Metformin Amplifies Chemotherapy-Induced AMPK Activation and Antitumoral Growth

Departments of Internal Medicine and Clinical Pathology, FCM, Universidade Estadual de Campinas (UNICAMP), Campinas, SP, Brazil.
Clinical Cancer Research (Impact Factor: 8.72). 06/2011; 17(12):3993-4005. DOI: 10.1158/1078-0432.CCR-10-2243
Source: PubMed


Metformin is a widely used antidiabetic drug whose anticancer effects, mediated by the activation of AMP-activated protein kinase (AMPK) and reduction of mTOR signaling, have become noteworthy. Chemotherapy produces genotoxic stress and induces p53 activity, which can cross-talk with AMPK/mTOR pathway. Herein, we investigate whether the combination of metformin and paclitaxel has an effect in cancer cell lines.

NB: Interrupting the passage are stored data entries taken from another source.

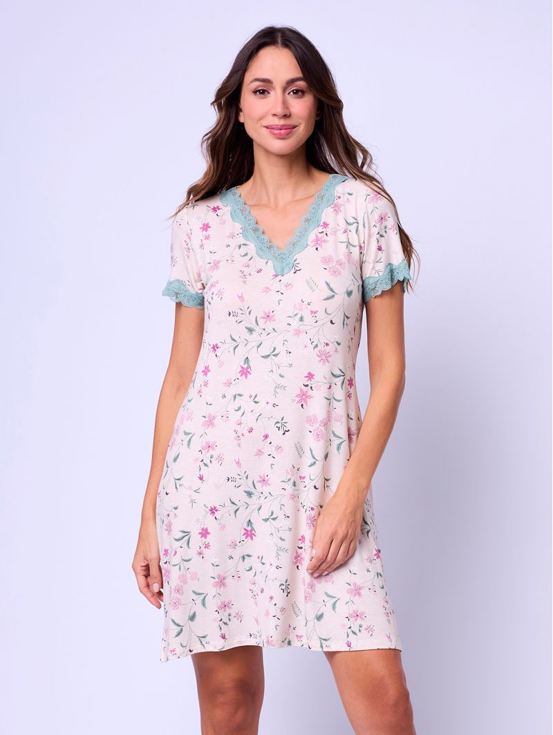 • Modelo de manga curta com delicada aplicação de renda, ideal para quem busca praticidade sem abrir mão da elegância;
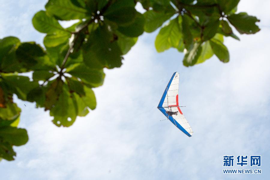 3月14日,在巴西里约热内卢,爱好者驾驶三角翼飞行。里约热内卢加维亚山上有一处名叫“美丽石”的地方,每天都聚集着众多三角翼和滑翔伞爱好者。他们从设置在“美丽石”的平台上起飞,冲入云端,享受自由翱翔的感觉,最后降落在山脚下的圣孔拉多海滩。新华社记者 徐子鉴 摄
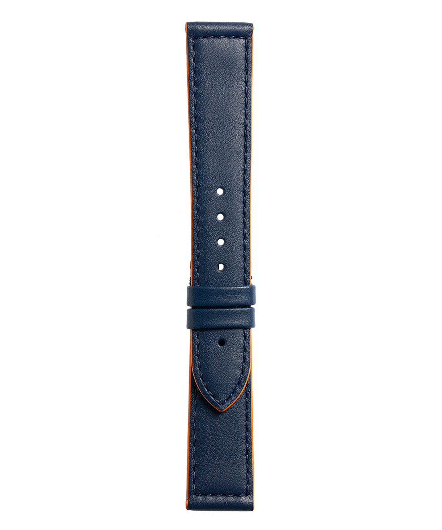 BR V1 Bracelet en cuir de veau de couleur bleue avec passepoil orange
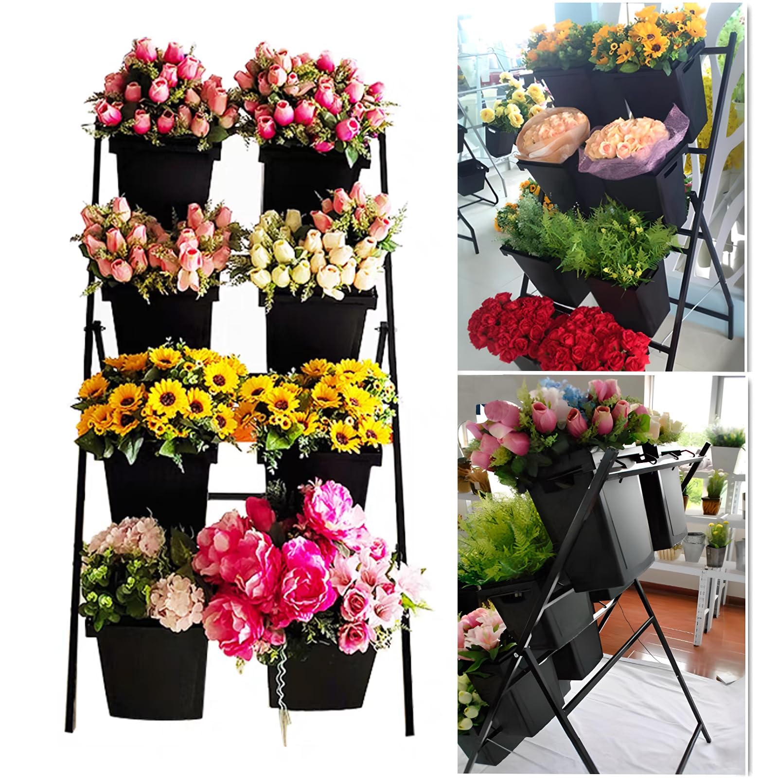 Extra large Flower Display Stand with 8 Bucket, Metal Plant Stand with Foldable Frame
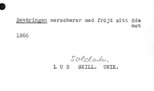 //// Beväringen marscherar med fröjd sitt öde //// mot //// 1866 //// L U B SKILL. UNIK. ////
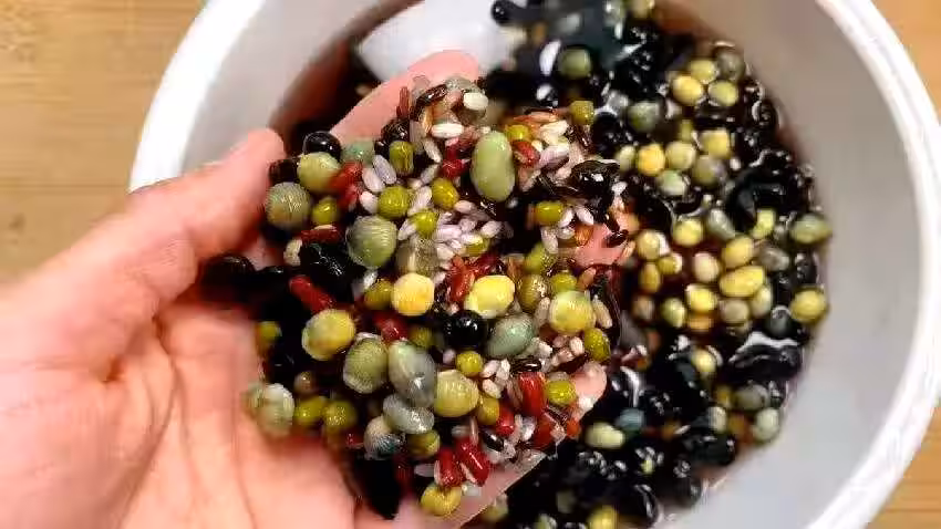 然後再用乾淨的清水多衝洗幾遍,最後再用清水浸泡半個小時,浸泡可以把所有的豆類外殼泡軟,在煮粥的時候能夠很快的煮熟,煮出來特別的粘稠。
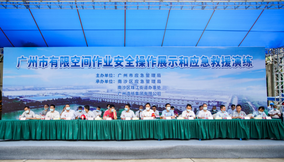 在公司领导的高度重视下,通过新产品分厂、办公室、人力资源部、采购部、生产部、物流管理部、园区发展部等部门的积极配合,广州市有限空间作业安全操作展示和应急救援演练于8月26日在公司成功举办。市应急管理局党委书记、局长黄彪、南沙区常务副区长谢明、304am永利集团副总经理谭思马和公司党委书记、董事长周耘出席了本次活动,各区应急管理局和珠江街主要负责人、市有限空间作业重点企业代表、304am永利集团安监部和各板块安全责任人及公司AB类部门共160余人现场观摩演练。
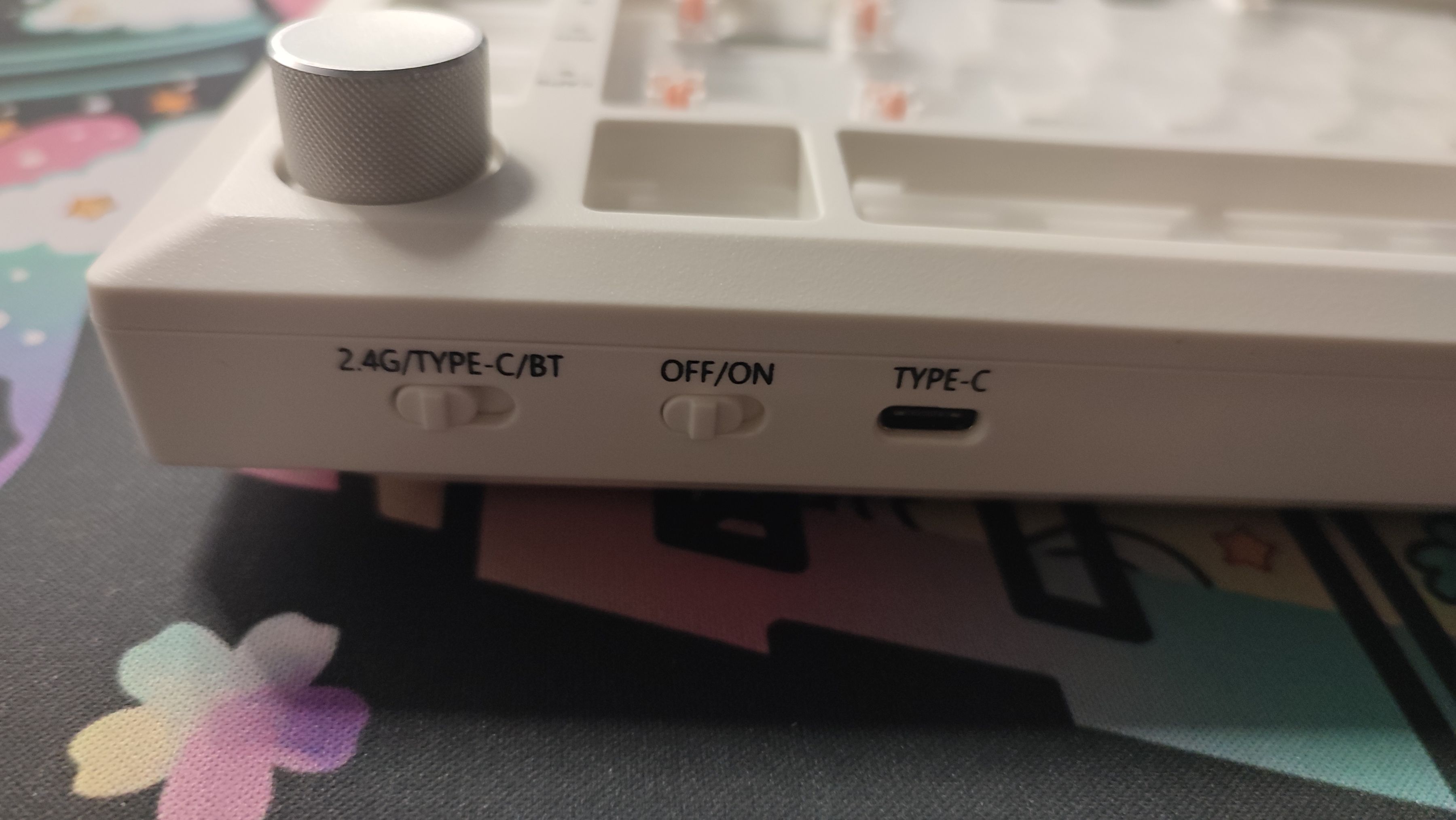 Type-c接口以及模式切换按钮都在键盘顶部,除了常见的三模切换开关之外还有一个电源开关。个人觉得有点鸡肋,因为平时我不用了都是直接拨到有线也是一样的作用。
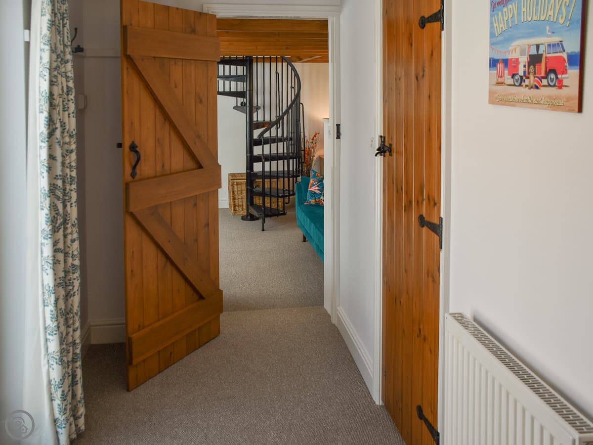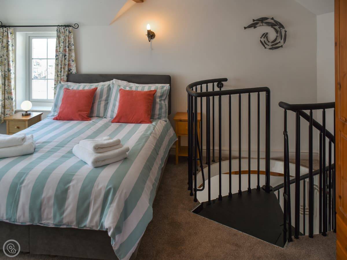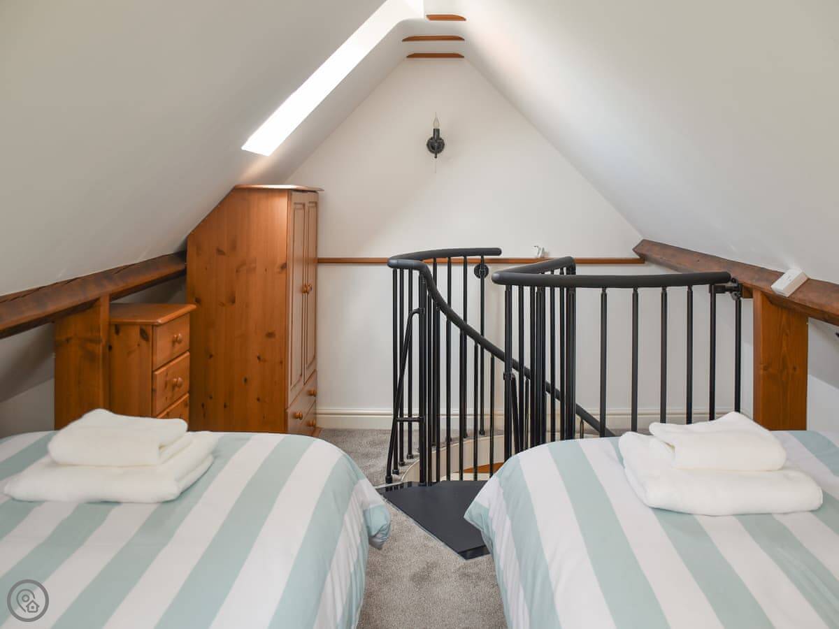 There are two spiral staircases, one up to each bedroom. They're quite tight, but they work. The twin room up one of them has a vaulted ceiling.
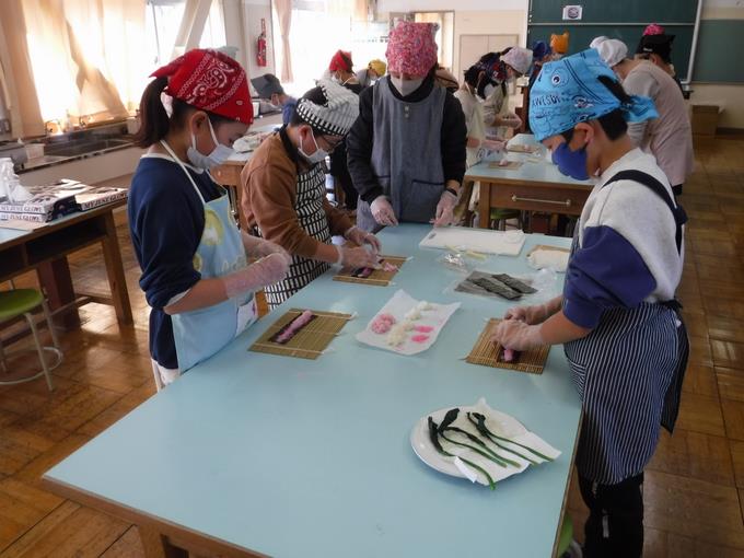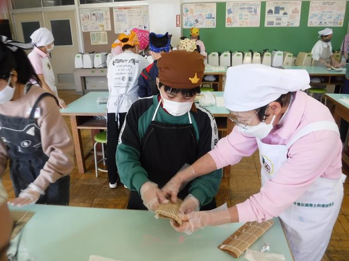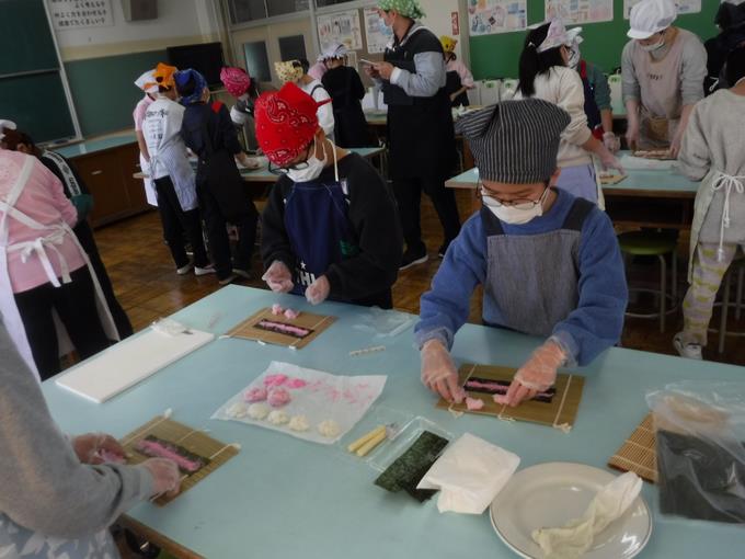 14日に5年生が、総合的な学習の時間に千葉県の郷土料理「太巻き祭り寿司」作りに挑戦しました。郷土料理研究会の方々をお招きし、千葉に伝わる食文化の知恵を学びました。
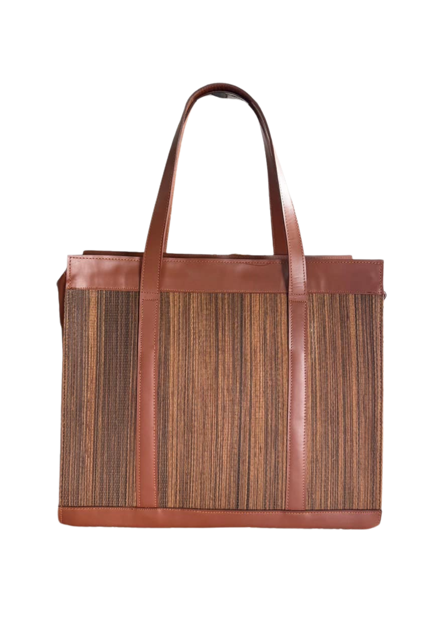 กระเป๋าโท้ตทรงสี่เหลี่ยม หน้าสานใยตาลลายริ้ว เสริมหนังคาราเมลรอบตัวและสายหูยาว สไตล์มินิมอลสุภาพ ทรงตั้งอยู่ตัว ใส่เอกสาร A4 และโน้ตบุ๊กได้สบาย เหมาะทั้งทำงาน ประชุม และเดินทางในวันเดียว

Human tumors were xenografted into severe combined immunodeficient (SCID) mice and the cancer cell lines were treated with only paclitaxel or only metformin, or a combination of both drugs. Western blotting, flow cytometry, and immunohistochemistry were then used to characterize the effects of the different treatments.
The results presented herein show that the addition of metformin to paclitaxel leads to quantitative potentialization of molecular signaling through AMPK and a subsequent potent inhibition of the mTOR signaling pathway. Treatment with metformin and paclitaxel resulted in an increase in the number of cells arrested in the G(2)-M phase of the cell cycle, and decreased the tumor growth and increased apoptosis in tumor-bearing mice, when compared with individual drug treatments.
We have provided evidence for a convergence of metformin and paclitaxel induced signaling at the level of AMPK. This mechanism shows how different drugs may cooperate to augment antigrowth signals, and suggests that target activation of AMPK by metformin may be a compelling ally in cancer treatment.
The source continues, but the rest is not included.